News / Asia

    Hagel Confirms US Support for Japan, Asian Allies

    U.S. Secretary of Defense Chuck Hagel speaks during the closing news conference at a meeting of defense ministers from the Association of Southeast Asian Nations (ASEAN) in Honolulu, Hawaii, April 3, 2014.
    U.S. Secretary of Defense Chuck Hagel speaks during the closing news conference at a meeting of defense ministers from the Association of Southeast Asian Nations (ASEAN) in Honolulu, Hawaii, April 3, 2014.
    The head of the U.S. Defense Department says Washington plans to send two more missile defense warships to Japan to counter the threat posed by North Korea's actions.

    Defense Secretary Chuck Hagel told a news conference in Tokyo Sunday after meeting with his Japanese counterpart, Defense Minister Itsunori Onodera, that two AEGIS missile defense ships will be sent to Japan by 2017, bolstering the U.S. missile defense force to seven ships.

    On his second day in Japan, Hagel announced that the United States will increase military support to its Asian ally.

    Hagel said, "In response to Pyongyang's pattern of provocative and destabilizing actions, including recent missile launches and violations of recent U.N. security council resolutions, I can announce today that the United States is planning to forward deploy two additional Aegis ballistic missile defense ships to Japan by 2017."

    During the most recent flare-up of Korean tensions in late March, North Korea fired shells over South Korean waters close to the North's western coast. South Korea responded and the two countries exchanged hundreds of live shells in just a few hours.

    Pyongyang provocations

    Recent provocations by North Korea also included the firing of a mid-range missile capable of hitting Japan.

    Hagel said, "For the safety of Japan and of eastern Asia, we believe that Japan's Aegis system and the United States' Aegis system is very effective.
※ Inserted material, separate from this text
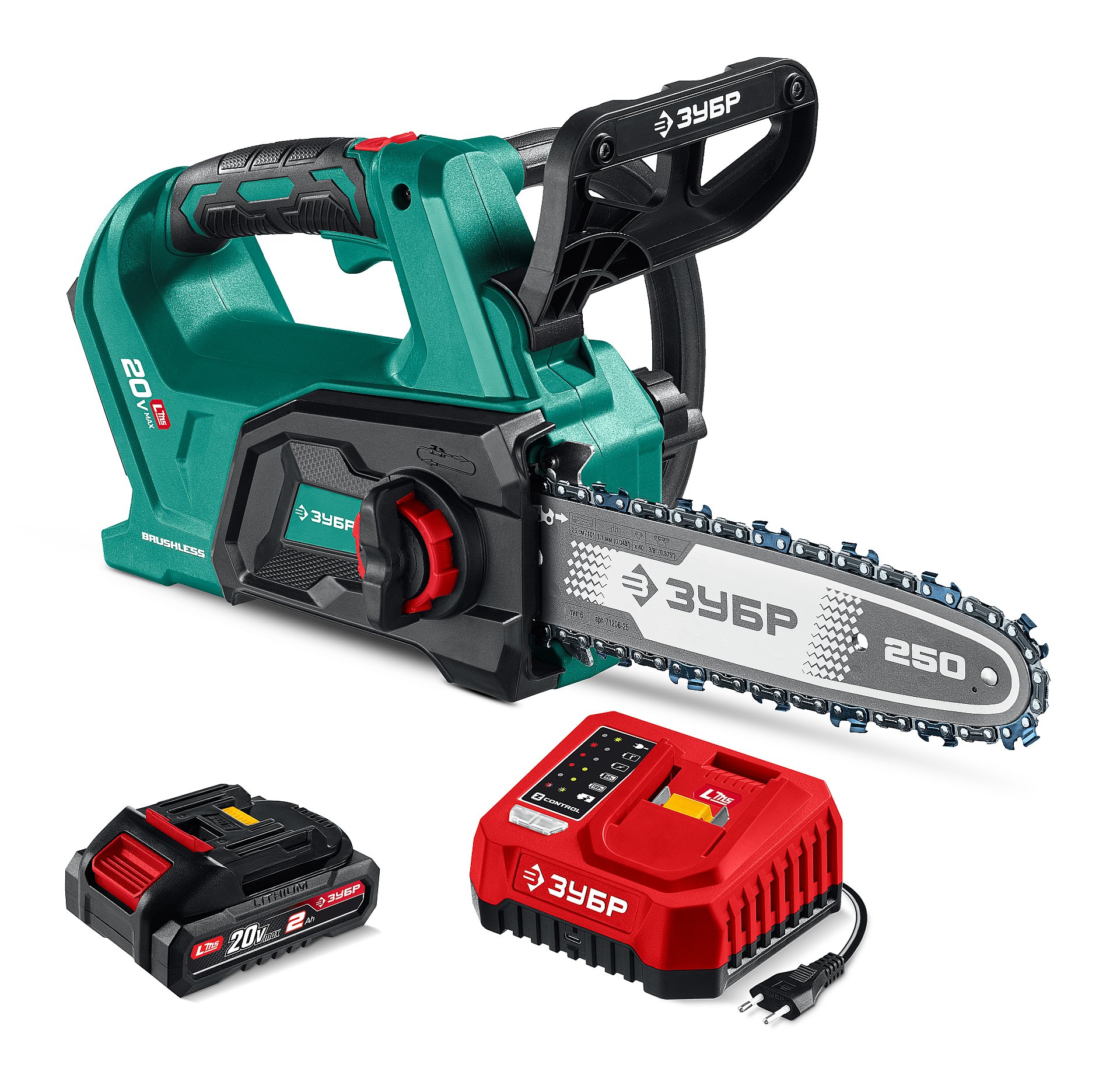 Принадлежности для ЗУБР 20 В, 250 мм шина, 1 АКБ LMS (2 Ач), пила цепная аккумуляторная (ПЦБ-2025-21):

As the secretary said, that two new ships that are able to respond to ballistic missile threats will be deployed to Japan, this is very important for the region."

    Hagel also spoke about China, a country he will visit after leaving Japan.

    Relations between China and Japan have hit a low point because of a territorial dispute over islets in resource-rich waters of the East China Sea.

    While the U.S. has not sided with any country on the islands' ownership, it acknowledges Japan's de facto management and is treaty-bound to protect Tokyo in case of aggression.

    On Sunday, Hagel drew a parallel with Russia's annexation of Crimea, saying, "You cannot go around the world and redefine boundaries and violate territorial integrity and sovereignty of nations by force, coercion and intimation whether it's in small islands in the Pacific or large nations in Europe."

    What happened in Ukraine has some resonance in Asia, where China is embroiled in bitter disputes over its maritime boundaries to the East and South.

    Concerns about China

    Countries like the Philippines and Japan have raised concerns about Beijing's increasingly assertive stance in stating its territorial claims.

    Hagel called China a great power, but said the country should respect its neighbors, be more transparent about its military power and refrain from coercion and intimidation.

    "With this power, comes new and wider responsibilities is that how you use that power, how do you employ that military power," said Hagel. "And I want to talk with Chinese about all of that particularity transparency. This is a key dimension of relationships. "

    The defense secretary will depart for Beijing on Monday.

    Analysts in China say the territorial disputes are likely to come up during Hagel's visit, as are military cooperation and measures to deal with North Korea.